Мы вошли в кофейню, а потому спрашиваем кофе. Никто не выражает удивления по поводу нашего появления, хотя, быть может, в первый раз этот порог переступила женщина. Гости словно сговорились не глядеть на нас. Восточный человек считает ниже своего достоинства обнаружить любопытство. Ми сиживали во многих лавочках на Востоке, где нас угощали кофе и папиросами, и только тогда, когда мы уходили, покончив с делом, хозяин обыкновенно спрашивал: «Откуда вы и куда едете?» — так мало ему было дела до нас.

Кофе подают нам в малюсеньких чашечках, он крепок, как дёготь. Мы делаем так же, как и другие: перед каждым глотком мы предварительно встряхиваем чашку, чтобы гуща попадала в рот. Потом мы опять делаем, как другие: мы слегка опрокидываемся навзничь и уставляемся глазами в потолок, потому что мы пьём мокко[9], — божественный напиток. Мы должны признаться друг другу, что никогда раньше не пивали подобного кофе. Только он слишком сладок для нас. Нельзя ли нам получить его без сахара? Мы подаём знак слуге, но он нас не понимает. «Sans sucre!»[10] — говорим мы. У другой стены сидит турок, который говорит несколько чуть слышных слов слуге: оказывается, что он нас понял. Слуга приносит кофе без сахара. Я встаю и кланяюсь турку, благодаря его; он также кланяется, но не вставая, потом он уже не обращает на нас больше никакого внимания. В сущности, это и есть самая избранная точка зрения; если бы и он встал и поклонился, это было бы безвкусием. И какое ему дело до туристов? Мы — европейцы, мы — варвары, что ему до нас?
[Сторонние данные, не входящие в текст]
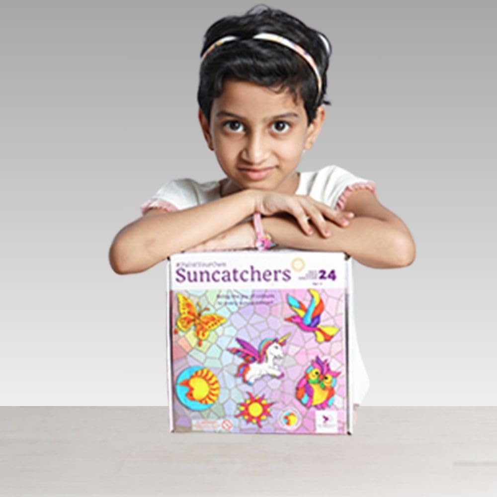 Toykraftt Glass Painting Window Art Suncatchers - Diy Art N Craft Set, Painting Kit For Kids 7 To 12 Years Old, Glass Painted Wi

Слуга вопросительно смотрит на меня, держа наргиле[11] в руках. Да, я киваю утвердительно и протягиваю руку. Слуга приготовляет всё что нужно, зажигает наргиле раскалённым углём и подаёт мне курево. Мундштук у этой трубки слишком толст, чтобы держать его в зубах, его нужно только брать в губы. И я курю. Но я уже курил по-турецки как в Лондоне, так и в Париже, так что это не совсем ново для меня. Я отдаю трубку, которая мне не очень-то нравится, и закуриваю сигару.

Вот входит труппа музыкантов со струнными инструментами и барабаном. Они входят с папиросами в зубах, устраиваются на полу и начинают играть, покуривая. Музыка эта нам так же непонятна, как и вся та музыка, которую мы слышали в продолжение нашего путешествия; она невероятна, она ниспровергает всё, что раньше слышали наши уши. Вдруг один из труппы начинает делать гримасы и танцевать. Этот старый, почтенный турок в тюрбане уморителен со своими нелепыми прыжками, и по кофейне катятся волны весёлого смеха. При таких обстоятельствах барабанщик желает выкинуть штучку посильнее, — он встаёт и начинает подскакивать всё на том же месте, барабаня при этом изо всех сил.

Тут музыка мгновенно умолкает, и старый танцор останавливается в каком-то вывихнутом положении.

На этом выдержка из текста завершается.